- Materials provided:
☆ ☆ ☆ ☆
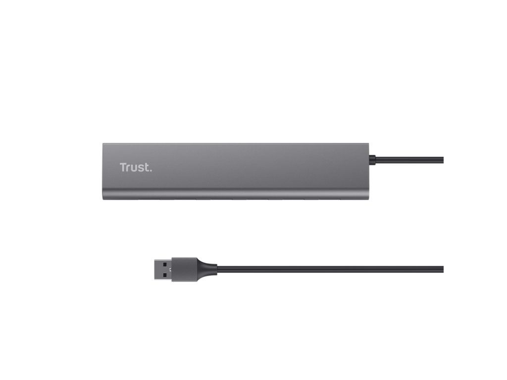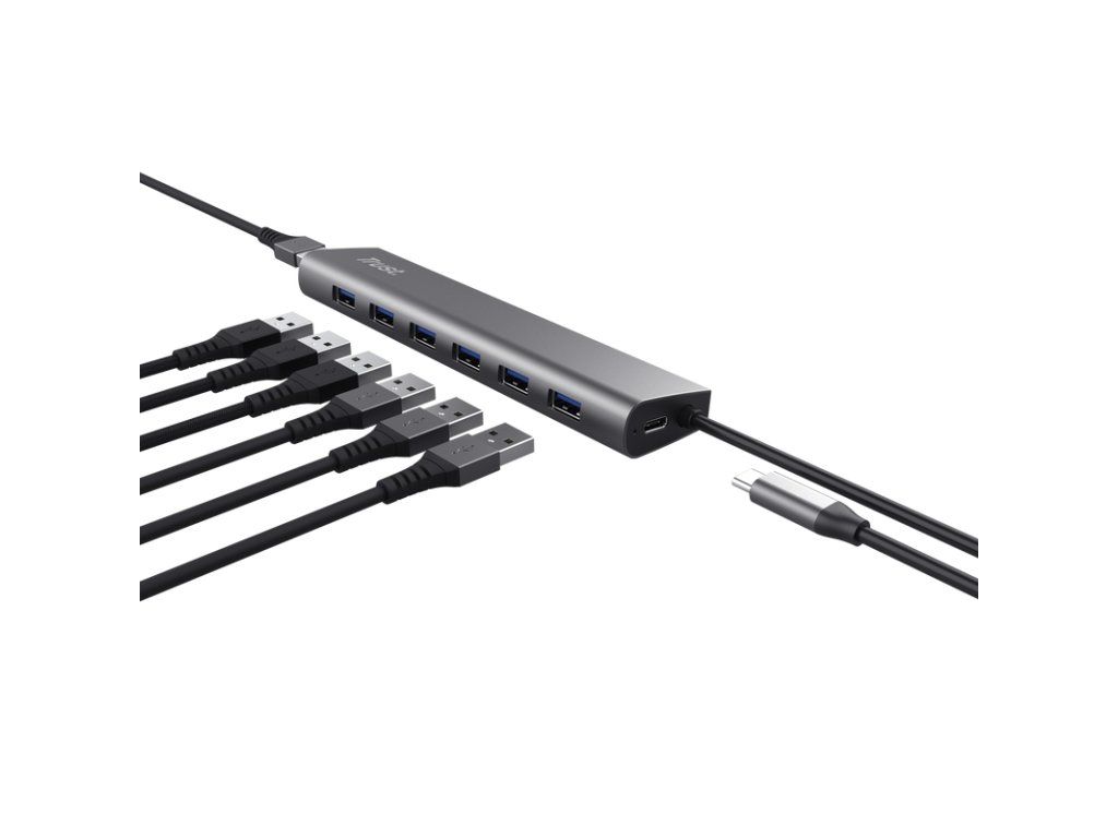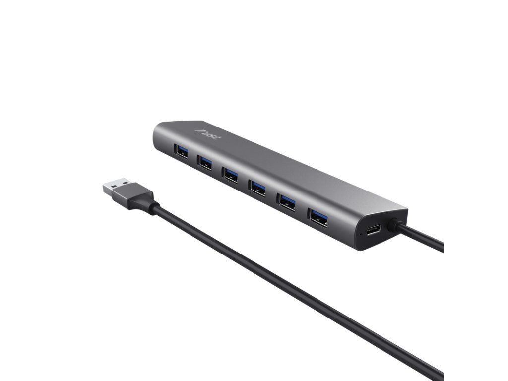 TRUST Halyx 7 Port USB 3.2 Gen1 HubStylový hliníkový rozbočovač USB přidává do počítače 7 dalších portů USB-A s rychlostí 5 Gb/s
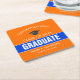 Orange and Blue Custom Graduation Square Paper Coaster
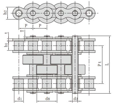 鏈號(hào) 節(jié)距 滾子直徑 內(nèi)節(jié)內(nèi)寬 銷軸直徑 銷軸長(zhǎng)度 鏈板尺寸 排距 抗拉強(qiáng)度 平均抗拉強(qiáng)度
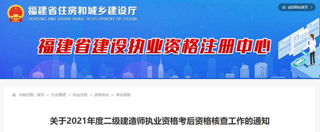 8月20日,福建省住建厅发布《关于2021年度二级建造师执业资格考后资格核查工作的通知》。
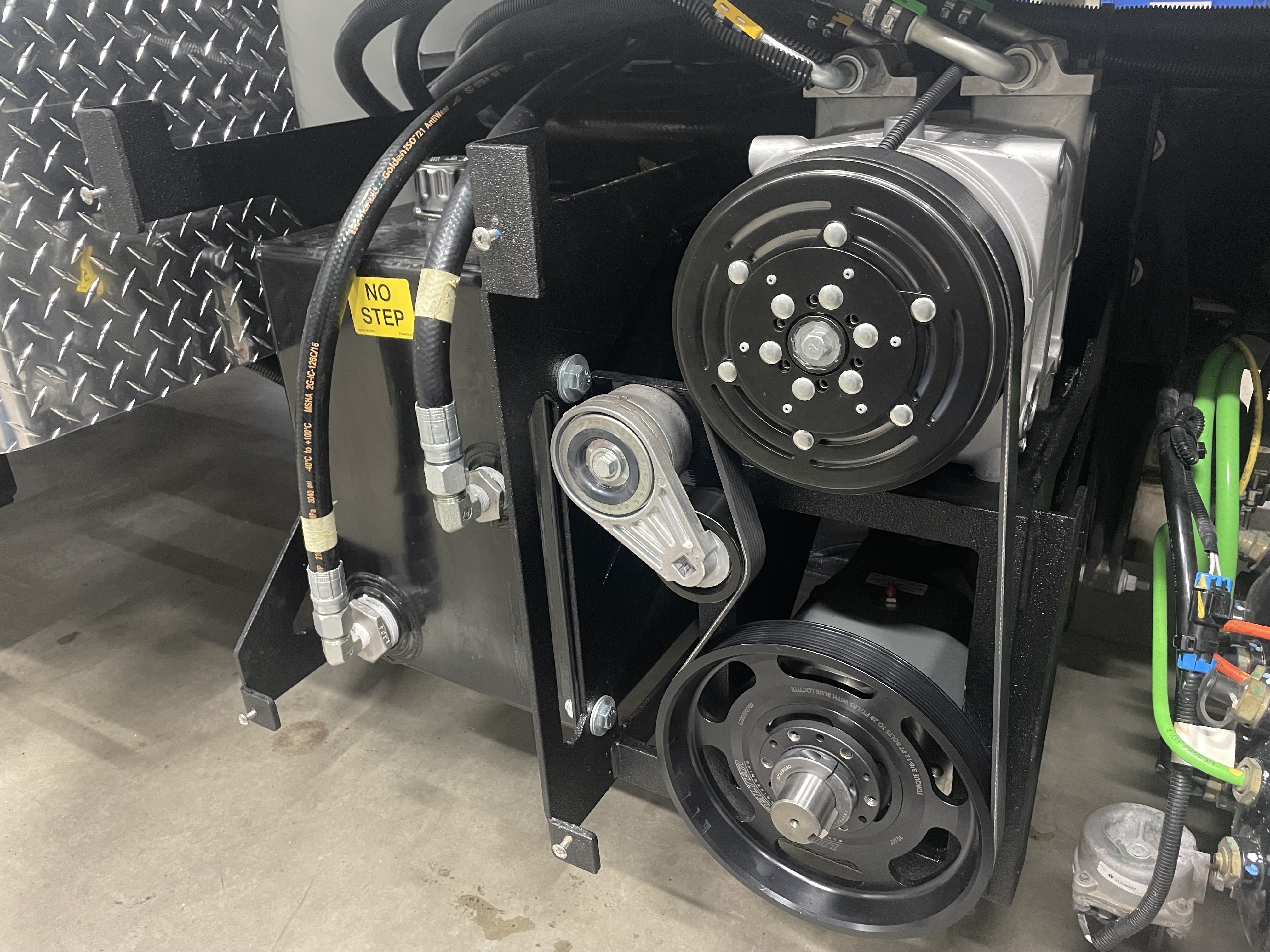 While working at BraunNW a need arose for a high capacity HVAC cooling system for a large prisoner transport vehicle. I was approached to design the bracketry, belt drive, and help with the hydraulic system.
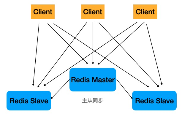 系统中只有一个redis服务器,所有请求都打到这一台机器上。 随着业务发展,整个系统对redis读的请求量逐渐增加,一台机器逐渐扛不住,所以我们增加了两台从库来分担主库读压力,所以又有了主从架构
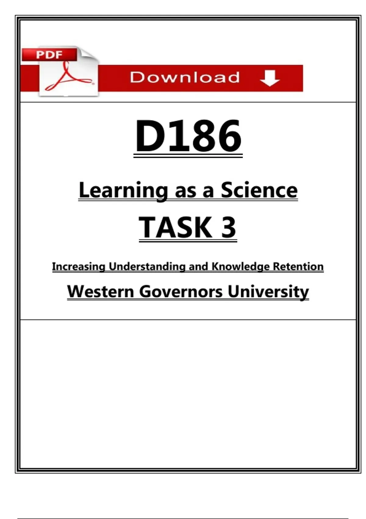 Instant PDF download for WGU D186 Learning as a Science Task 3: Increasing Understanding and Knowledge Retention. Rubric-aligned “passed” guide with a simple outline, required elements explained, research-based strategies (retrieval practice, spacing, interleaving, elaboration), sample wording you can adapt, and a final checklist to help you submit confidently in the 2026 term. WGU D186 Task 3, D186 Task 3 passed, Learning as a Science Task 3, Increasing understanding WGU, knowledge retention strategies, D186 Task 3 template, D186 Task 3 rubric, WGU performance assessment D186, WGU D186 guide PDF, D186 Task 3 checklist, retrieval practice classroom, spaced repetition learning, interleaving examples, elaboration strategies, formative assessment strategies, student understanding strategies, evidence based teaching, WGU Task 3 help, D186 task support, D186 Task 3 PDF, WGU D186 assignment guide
☆ ☆ ☆ ☆
- What is required:
Output the records exactly. Drop the images.

- Result:
 TRUST Halyx 7 Port USB 3.2 Gen1 HubStylový hliníkový rozbočovač USB přidává do počítače 7 dalších portů USB-A s rychlostí 5 Gb/s
 Orange and Blue Custom Graduation Square Paper Coaster
 鏈號(hào) 節(jié)距 滾子直徑 內(nèi)節(jié)內(nèi)寬 銷軸直徑 銷軸長(zhǎng)度 鏈板尺寸 排距 抗拉強(qiáng)度 平均抗拉強(qiáng)度
 8月20日,福建省住建厅发布《关于2021年度二级建造师执业资格考后资格核查工作的通知》。
 While working at BraunNW a need arose for a high capacity HVAC cooling system for a large prisoner transport vehicle. I was approached to design the bracketry, belt drive, and help with the hydraulic system.
 系统中只有一个redis服务器,所有请求都打到这一台机器上。 随着业务发展,整个系统对redis读的请求量逐渐增加,一台机器逐渐扛不住,所以我们增加了两台从库来分担主库读压力,所以又有了主从架构
 Instant PDF download for WGU D186 Learning as a Science Task 3: Increasing Understanding and Knowledge Retention. Rubric-aligned “passed” guide with a simple outline, required elements explained, research-based strategies (retrieval practice, spacing, interleaving, elaboration), sample wording you can adapt, and a final checklist to help you submit confidently in the 2026 term. WGU D186 Task 3, D186 Task 3 passed, Learning as a Science Task 3, Increasing understanding WGU, knowledge retention strategies, D186 Task 3 template, D186 Task 3 rubric, WGU performance assessment D186, WGU D186 guide PDF, D186 Task 3 checklist, retrieval practice classroom, spaced repetition learning, interleaving examples, elaboration strategies, formative assessment strategies, student understanding strategies, evidence based teaching, WGU Task 3 help, D186 task support, D186 Task 3 PDF, WGU D186 assignment guide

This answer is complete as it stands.